Donnerstag , 6. August 2020
Die zweifache Olympiasiegerin Kristina Vogel, seit einem Trainingsunfall 2018 querschnittsgelähmt, hat eine Gastrolle bei den Roten Rosen. Die Folgen sind ab 10. September zu sehen. Foto: be

Premiere für die Olympiasiegerin

Lüneburg. Wenn Pia Richter sich nach einem Disput mit ihrer Mutter Astrid in Lüneburg über das holprige Kopfsteinpflaster gequält hat, die Szene im Kasten ist und die Regisseurin zufrieden den Daumen in die Höhe streckt, kann Clara Apel aufstehen und ihren Rollstuhl zur Seite stellen.

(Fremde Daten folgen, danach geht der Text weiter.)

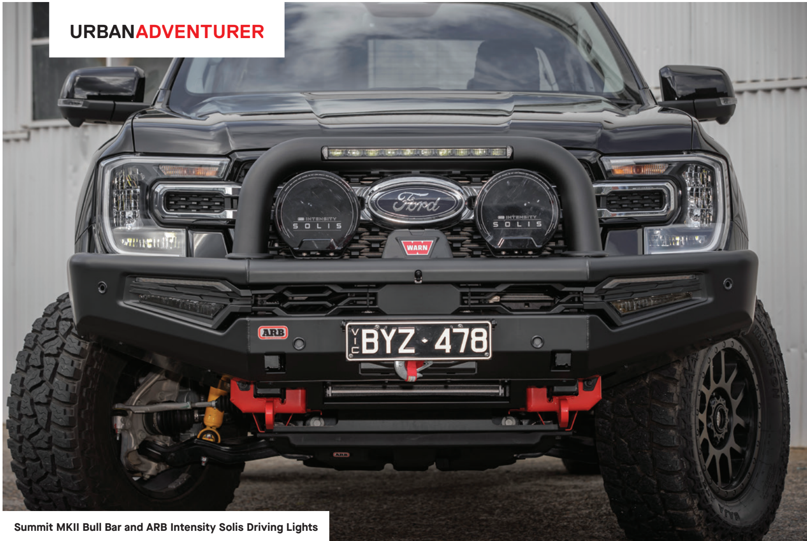
Summit MKII Bull Bar and ARB Intensity Solis Driving Lights
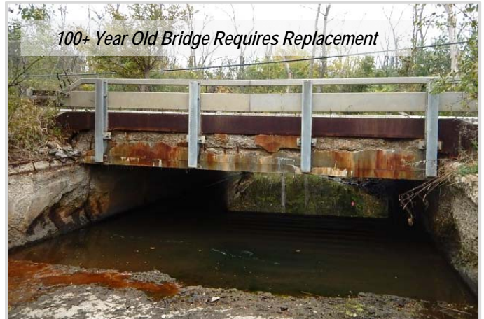
100+ Year Old Bridge Requires Replacement
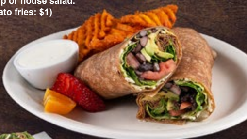
VEGGIE WRAP - $12 Black beans with romaine lettuce, tomatoes, avocado & cheese.
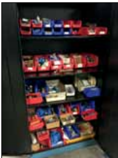
VIEW OF CUTTING TOOLS
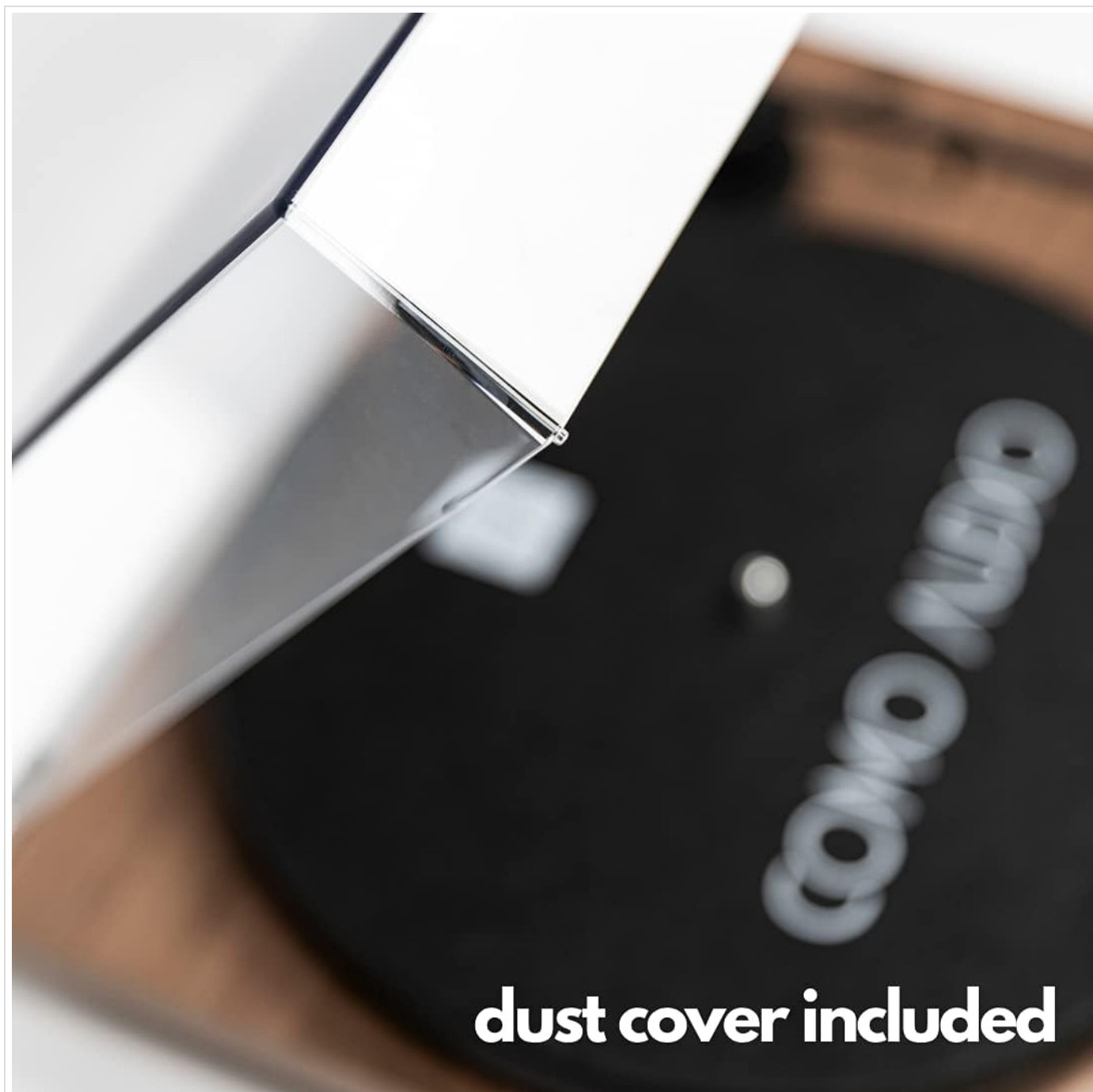
Image: Detail of the removable clear dust cover, designed to protect the turntable from dust.
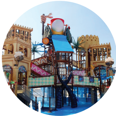
Yas Water world, Abu Dhabi (August 2013)
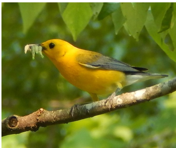
Top, Common Spatterdock or Yellow Pond-lily ( Nuphar advena ). Right, Prothonotary Warbler ( Protonotaria citrea )
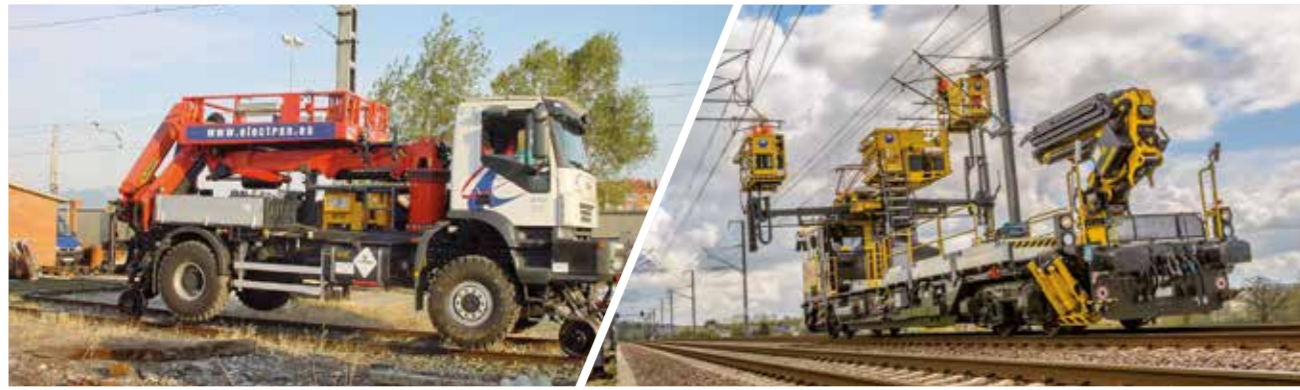
PA95 & PK16502 in Spain

Rapid and safe access to all positions in the overhead line and power supply system.
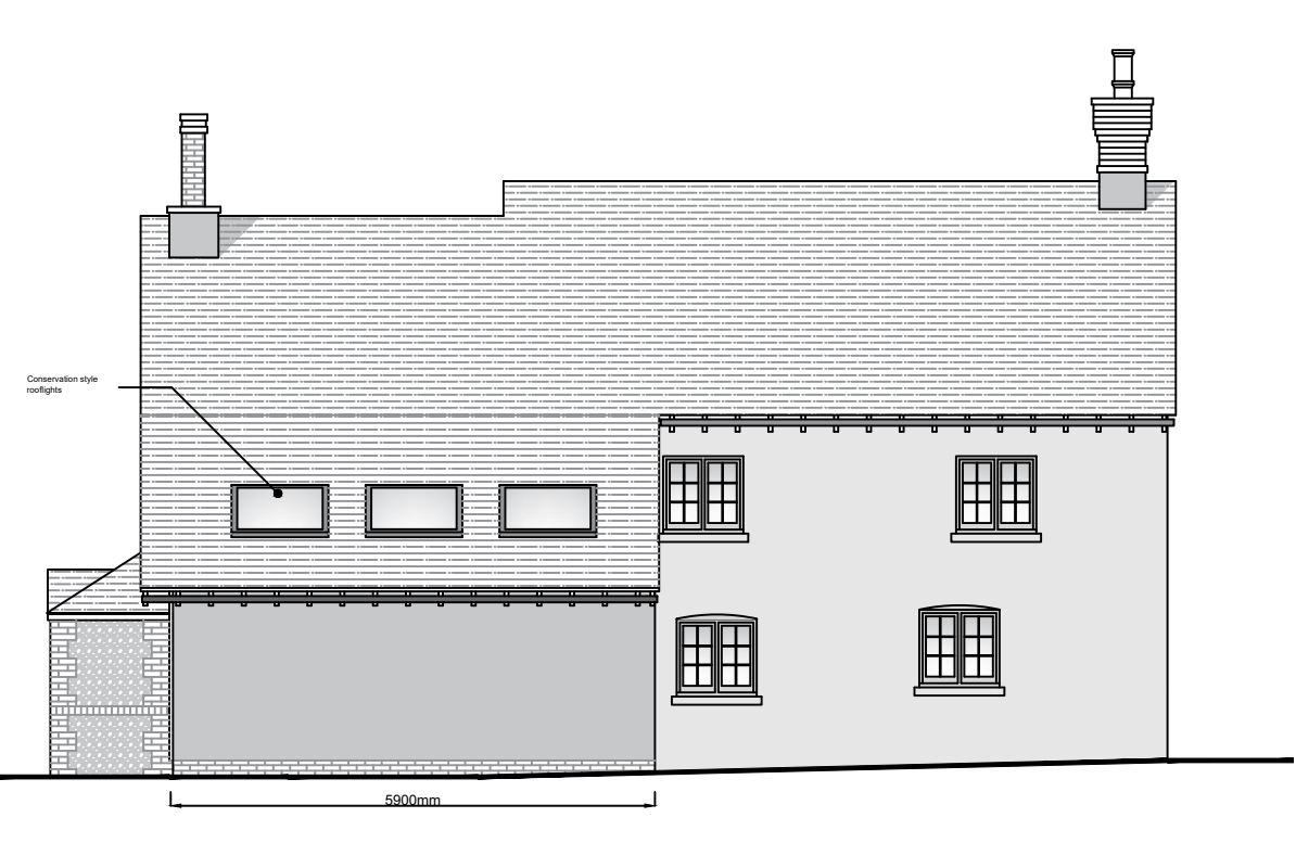
Proposed Rear Elevation (Scale 1:100)
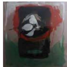
16 Andrea Kelland Green Fuse Gouache 25.5 x 25.5 £60
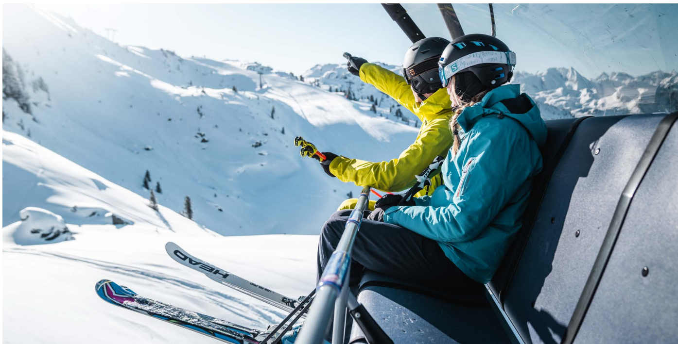
Skiing in the Zillertal Arena
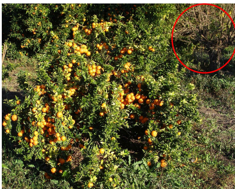
Fig. 3. A fruit bearing tree of local extra-early ripening Satsuma mandarin ( Citrus unshiu Marc.) 'Zorica Rana' in contrast to a quick declining tree (circled).
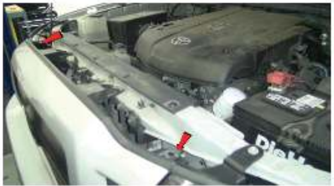
32) Reinstall [2x] plastic retainers to secure the grille.

Die 18-Jährige ist nur in ihrer Rolle als Pia bei den Rosen eingeschränkt, im realen Leben kann sie rennen und springen, wie es die meisten anderen jungen Frauen ihres Alters auch tun. Als Kristina Vogel in dieser Woche im Wasserviertel für die Roten Rosen drehte, war für sie auch die Zeit nach den Szenen eine Herausforderung. Denn die einst so erfolgreiche Sportlerin ist seit zwei Jahren querschnittsgelähmt. Und im Rollstuhl kann auch eine Bordsteinkante schon mal zum gefährlichen Hindernis werden, erst recht wenn es regnet.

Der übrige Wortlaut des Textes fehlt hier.